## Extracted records

# # # # #

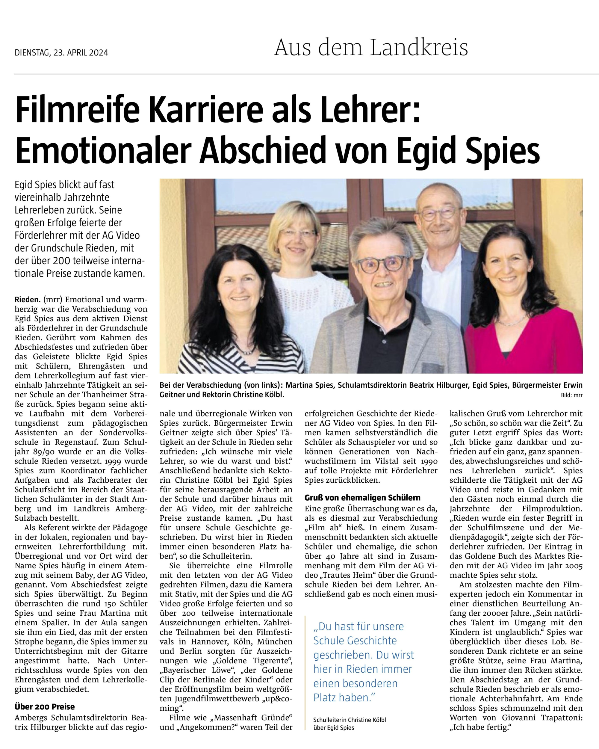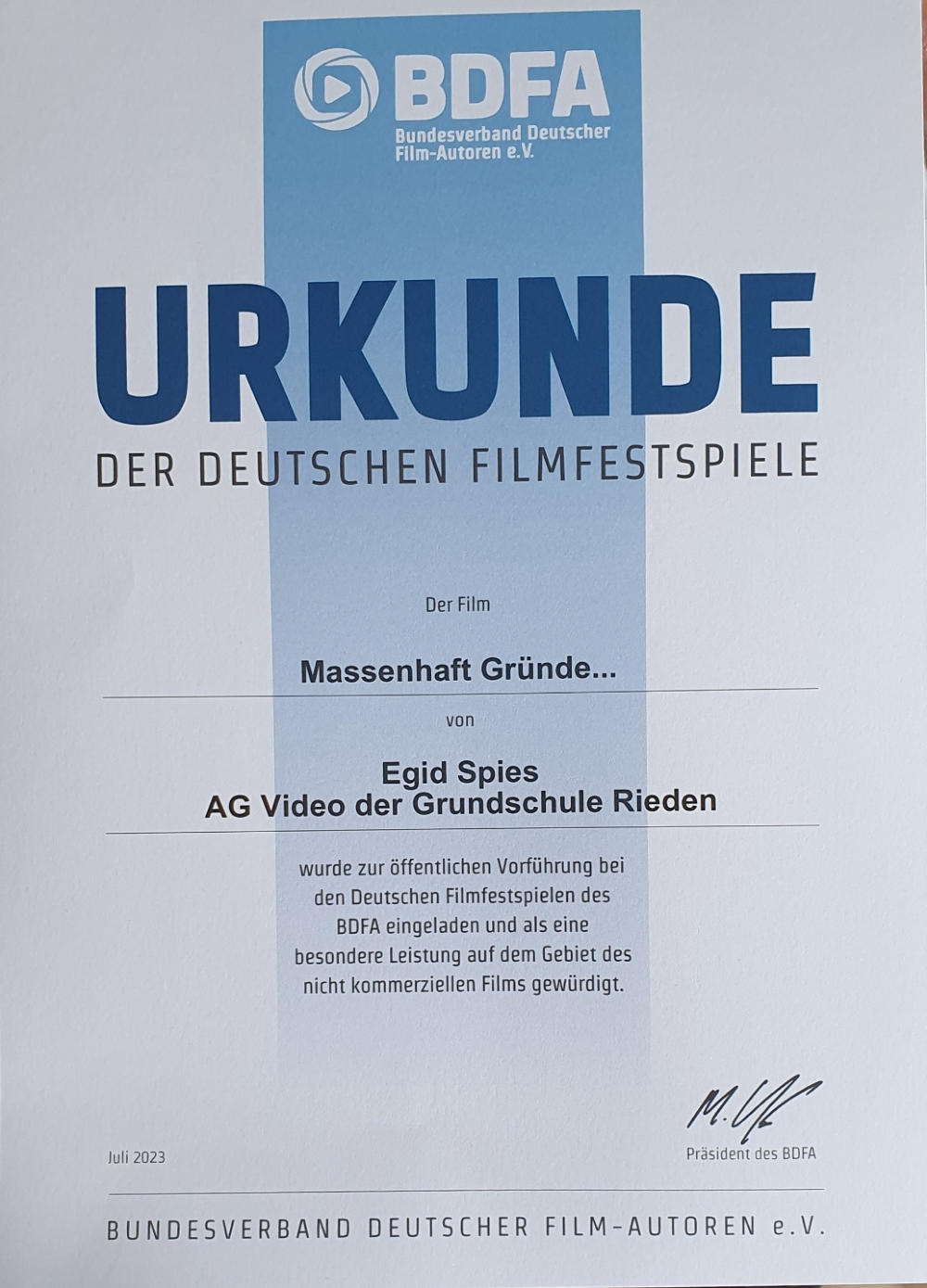 den Jugendfilmpreis. Zudem wurde dem vollkopmmen überraschten Herrn Spies unter „Standing
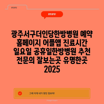 ✅ 광주서구더인당한방병원의 진료시간과 예약 방법을 지금 확인해 보세요.
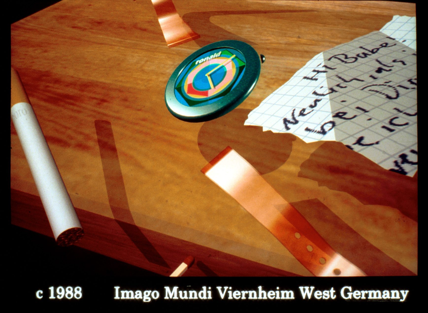 - The Letter by Ronald Stephan with Cubicomp Picture maker on the IBM AT, PM-framebuffer QCR-Z. Another study in composite image as a special detail appears, hand lettering for texture mapping. Contact: Walter Hertig, IMAGO MUNDI, Werner-Heisenberg-Str. 8-40, D6806, Yiernheim, West Germany, 06204/2040.?
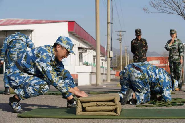 同学们进行内务训练和个人内务展示(中间被子为基地提供给的御寒被)
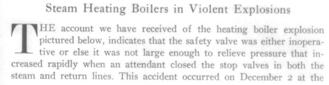 Our host, Dan Holohan, has done a lot of this research, and I am willing to take his word for it. According to his statements in many a steam seminar, it appears that boiler explosions were reported (not if, but) by how many occurred in a given week in some large metropolitan cities—like baseball box scores. They were a way of life at the turn of the century, just like seeing the farm report, or the weather forecast for tomorrow, or which horse and buggy ended up in a collision with one of these new-fangled horseless carriage things. The news of the day always included the number of boiler explosions that were going on in the places we lived.
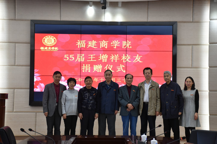 11月30日,阳光明媚、和风煦煦,开云官网1955届优秀校友王增祥捐赠仪式在连江校区明德楼视频会议室举行。校党委书记刘剑津、副书记吴访益,1955届校友王增祥、陈祥锦、潘成士,嘉宾欣士敏,1979届校友陈秀萍,师生代表30人参加活动。捐赠仪式由校友会会长蔡惠武主持。

# # # # #

## Problem to solve
Keep the pictures out of your copy, and repeat every entry above exactly.

## Output below
 den Jugendfilmpreis. Zudem wurde dem vollkopmmen überraschten Herrn Spies unter „Standing
 ✅ 광주서구더인당한방병원의 진료시간과 예약 방법을 지금 확인해 보세요.
 - The Letter by Ronald Stephan with Cubicomp Picture maker on the IBM AT, PM-framebuffer QCR-Z. Another study in composite image as a special detail appears, hand lettering for texture mapping. Contact: Walter Hertig, IMAGO MUNDI, Werner-Heisenberg-Str. 8-40, D6806, Yiernheim, West Germany, 06204/2040.?
 同学们进行内务训练和个人内务展示(中间被子为基地提供给的御寒被)
 Our host, Dan Holohan, has done a lot of this research, and I am willing to take his word for it. According to his statements in many a steam seminar, it appears that boiler explosions were reported (not if, but) by how many occurred in a given week in some large metropolitan cities—like baseball box scores. They were a way of life at the turn of the century, just like seeing the farm report, or the weather forecast for tomorrow, or which horse and buggy ended up in a collision with one of these new-fangled horseless carriage things. The news of the day always included the number of boiler explosions that were going on in the places we lived.
 11月30日,阳光明媚、和风煦煦,开云官网1955届优秀校友王增祥捐赠仪式在连江校区明德楼视频会议室举行。校党委书记刘剑津、副书记吴访益,1955届校友王增祥、陈祥锦、潘成士,嘉宾欣士敏,1979届校友陈秀萍,师生代表30人参加活动。捐赠仪式由校友会会长蔡惠武主持。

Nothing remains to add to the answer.